I am collecting my reading and reference material in CiteULike. I like the service because it can capture details from multiple sources. It also allows to discover what was collected by other interesting people through tags, people and bookmarks graph navigation.

Nice as CiteULike is, it is fairly difficult to get an overall picture of one’s own collection. It is especially difficult to see quickly if there are people who serve as hubs by collaborating with multiple different groups. The information is there, but it requires a lot of clicks to find it out.

My usual solution is to export information out, massage it into Graphviz format and use graph segmentation and layout algorithms to get a better overview. I have talked about Graphviz a number of times on this blog before. This is yet another time it proved useful.

I started by exporting CiteULike’s content of my library. I found Endnote export format to be more structured and therefore easier to parse. I then run it through a custom Python program that basically spat out graph with titles pointing at authors. That produced a very large graph and was not particularly useful.

The next step was to discover disjointed clusters of titles/authors. I used ccomps with -v and -x flags (e.g. ccomps.exe -v -x -o comp.dot output.dot).

ccomps gave me partitioned graphs as well as statistics on number of nodes/edges in each graph. I could then choose a graph with large number of nodes/edges (eventually, all of them) and run it through neato with overlap=scale and splines=true (e.g. neato.exe -Tgif -o neato_1.gif -Goverlap=scale -Gsplines=true comp_1.dot).

The resulting graph was still not perfect, but it was a good start. I also tried fdp instead of neato, but that seemed to produce giraffe versions of the graph with graph edges being overly long.

I have run into some problems as well that would either cause partitions combine together or produce duplicate nodes and edges.

The first problem was that sometimes a person was an author and sometimes an editor. I was interested in both, so collapsed those fields together. That caused some non-people to then show up on the graph and connect clusters in unexpected ways. For my library the specific value was ‘European’, so I filtered it out in the code.

The second problem was to do with CiteULike’s parsing. Sometimes, it would split a first+last name into separate names, probably due to incorrect manual entry at some point. I had to fix those at the source by editing corresponding CiteULike entry. Probably a good thing to do anyway.

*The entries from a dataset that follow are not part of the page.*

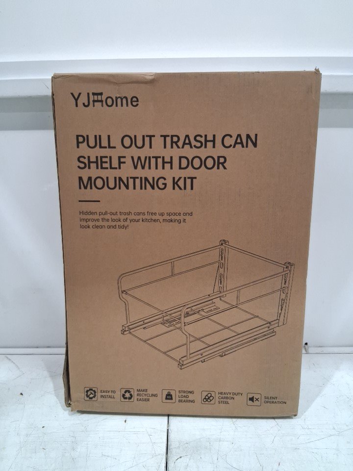 YJHOME Pull Out Trash Can Under Cabinet with Soft-Close Slides Garbage Can Not Included Cabinet Pull Out Kit with Door Mounting - 17" x 24" - DOUBLE - Grey (model: PM376)
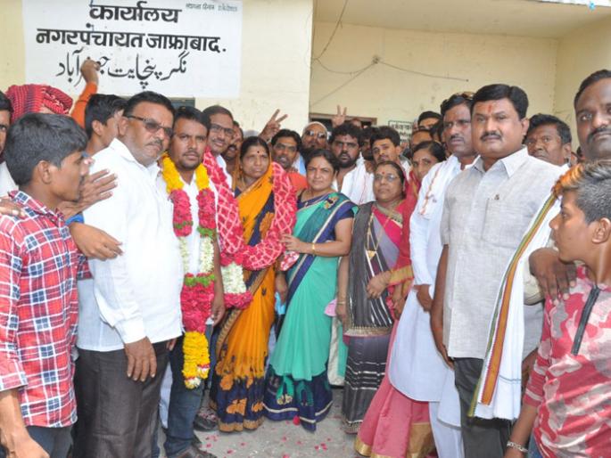 लोकमत न्यूज नेटवर्कजाफराबाद : येथील नगरपंचायतीच्या नगराध्यक्षपदी राष्ट्रवादी काँग्रेसच्या कविता दीपक वाकडे यांची तर उपनगराध्यक्षपदी अहमद शेख यांची बुधवारी बिनविरोध निवड झाली. निकालाची घोषणा होताच राष्ट्रवादी काँग्रेसच्या कार्यकर्त्यांनी फटाके वाजवून आनंदोत्सव साजरा केला. नवनिर्वाचितांचे माजी आ. चंद्रकांत दानवे, तालुकाध्यक्ष राजेश चव्हाण यांनी स्वागत केले.नगराध्यक्षपदाच्या निवडणुकी साठी पिठासीन अधिकारी हरीचंद्र गवळी यांच्या उपस्थितीत नगरपंचायत कार्यालयात सभेचे आयोजन करण्यात आले होते. तहसीलदार जे. डी. वळवी, मुख्याधिकारी विद्या कदम यांची सभागृहात उपस्थिती होती.निकाल जाहीर होताच राष्ट्रवादी काँग्रेस पक्षाच्यावतीने पत्रकार परिषद घेण्यात आली. निवडणुकी दरम्यान भारतीय जनता पार्र्टीने उमेदवारांना वेगवेगळे अमिष दाखवून पक्षात फूट पडण्याचा प्रयत्न केला. तसेच भाजपच्या नगरसेवकांनी अनेक वेळा ना हाराकत प्रमाण पत्र देऊन सुद्धा विकास कामांमध्ये अडथळे अणण्याचा प्रयत्न केला सुधाकर दानवे व माजी आ.चंद्रकांत दानवे यांनी पत्रपरिषेदेत केला. भाजप प्रदेशाध्यक्ष खा. रावसाहेब दानवे, आ. संतोष दानवे यांच्यावरही पत्रकार परिषदेत आरोप करण्यात आला. तसेच सवार्ना सोबत घेऊन जातीपातीचे राजकारण न विकासाचे विकासाचे करणार असल्याची ग्वाही या वेळी देण्यात आली.
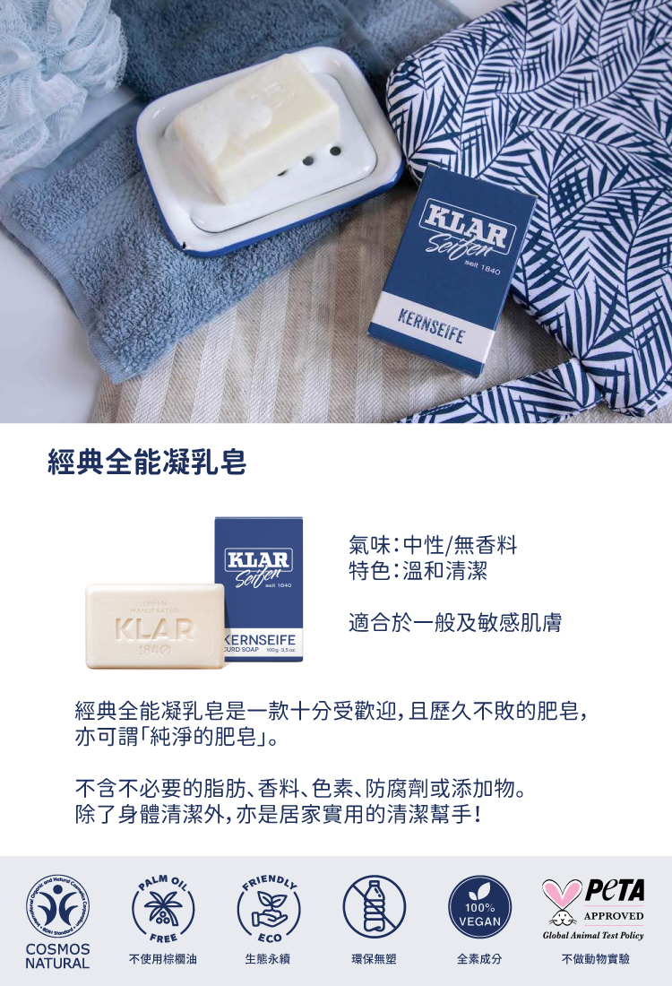德國 KLAR Seifen 經典全能凝乳皂,是一款十分受歡迎,且歷久不敗的肥皂。
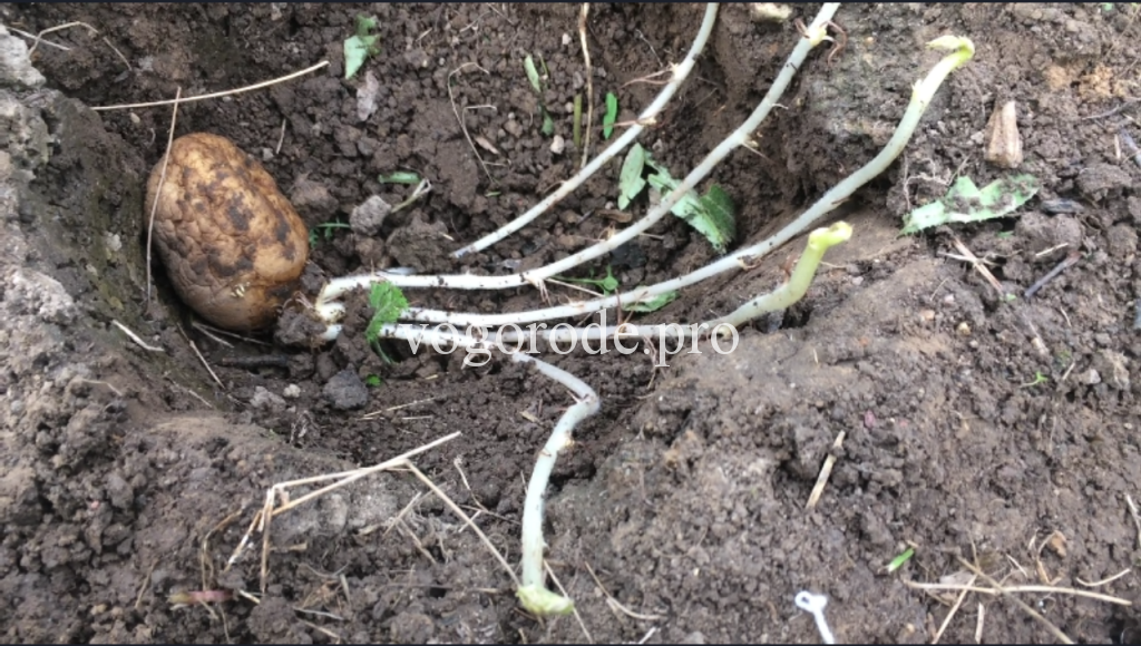 Это, конечно правильно, но это еще не все. Главная причина посадки ростками вниз – это основные корни картофеля. А где они находятся? В месте крепления ростка к клубню!

The other problem is right out of the co-reference resolution domain. Sometimes names would include full first names, sometimes only a first name initial. I have worked around that by normalizing all first names to the initials. Obviously, this could collapse entries belonging to multiple real people into one.

Further on name problems, in cases of non English names (e.g. Spanish names with multiple surnames), CiteULike would get confused which part is which and not display or export it correctly. Additionally, sometimes characters such as ñ would be entered as plain n. Those also needed to be corrected manually.

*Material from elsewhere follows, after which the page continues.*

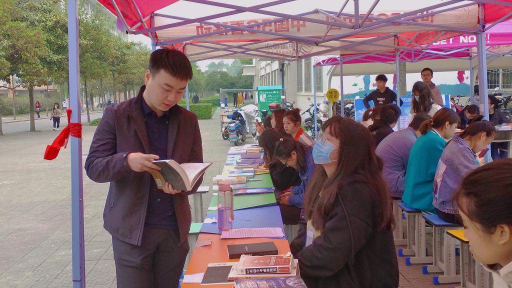立身以立学为先,立学以读书为本。为满足大学生对书籍阅读的渴望,4月24日,beat365声音文学社在八餐小广场上举办第四届大学生淘书节活动。beat365卞卡、姚磊、李国东三位老师莅临现场指导工作。
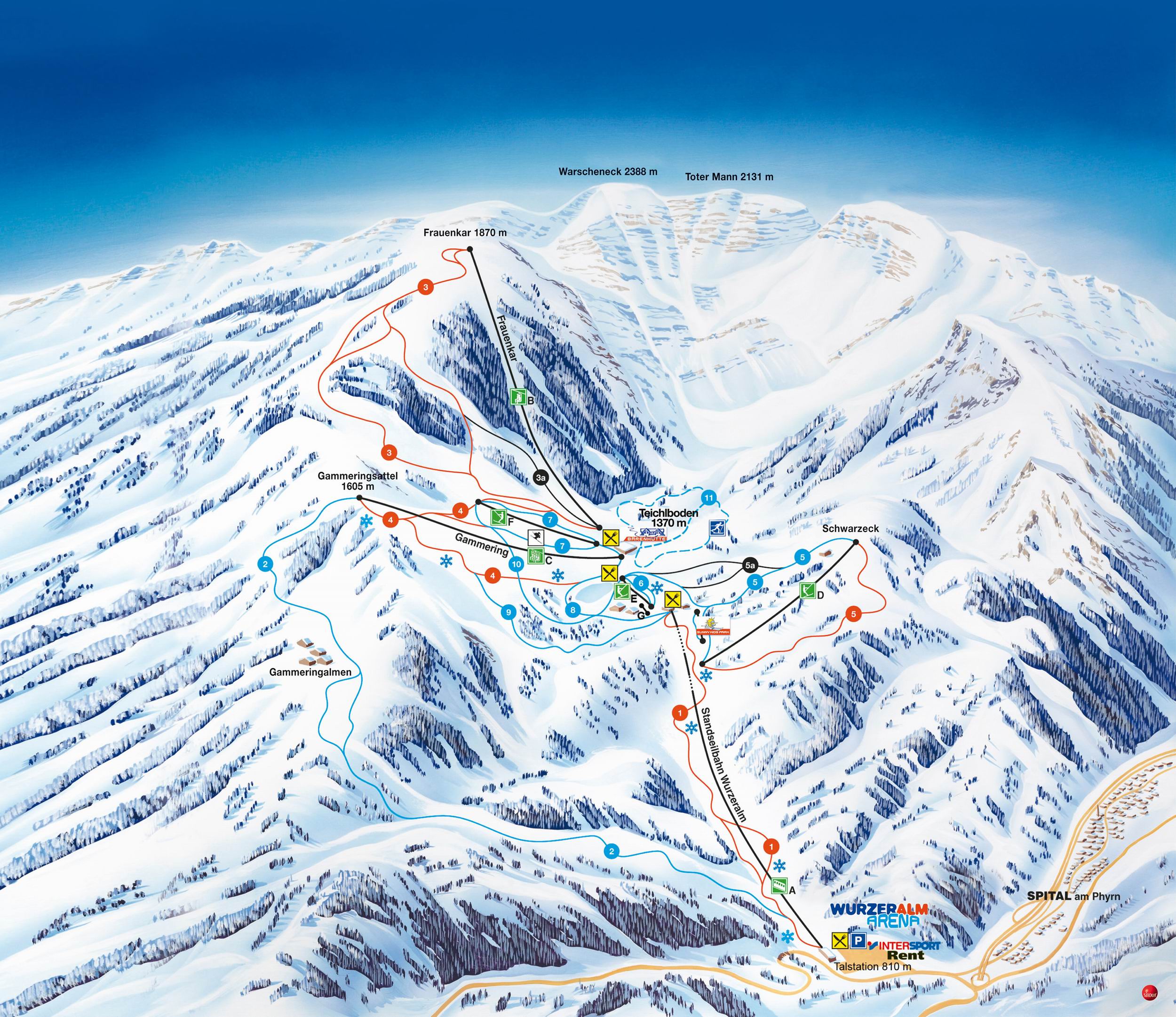 800-1.870 méter magasságban található Wurzeralm sípályarendszere. A 22 kilométer, jól karbantartott sípálya minden tudásszintű síelőnek ajánlott. Wurzeralm síterepe Európa leggyorsabb hegyi vasútjával érhető el, mellyel pár perc alatt a hegyre érhetünk. A vasút felső állomásától tovább indulhatunk, egészen az 1.870 méter magas Freuenkar csúcsig, ahonnan piros és fekete pályaszakaszokon csúszhatunk a felvonókig. A sípálya könnyebb, kék jelzésű szakaszokkal is várja a síelőket, melyen egészen az alsó állomásig lehet csúszni. Wurzeralm síterepén az időmérő Hahnlgraben versenypályán és a tréningekhez optimális Schwarzeck versenypálya tehetik próbára tudásukat a bátrabb síelők.

The project only took a couple of hours including writing code and cleanup. It is already useful to me, as I found a new person who was in unexpectedly large number of papers and also found a chain of connections that might be interesting to follow more closely.

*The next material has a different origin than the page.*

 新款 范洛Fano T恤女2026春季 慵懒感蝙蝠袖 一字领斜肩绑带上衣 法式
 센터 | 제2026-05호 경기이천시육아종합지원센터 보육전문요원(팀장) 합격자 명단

There is of course a lot more that could be done. Automatic co-reference of misspelt names, layout hints based on number of times authors appeared together, color coding of tags - these are just some of the easy ideas.

There might even be a small project/paper in doing co-reference resolution and cleaning up CiteULike data? After all, similar projects were done for Wikipedia. I don’t think CiteULike currently makes a full export available, but they do have some so might be amendable to exporting a special set for research purposes.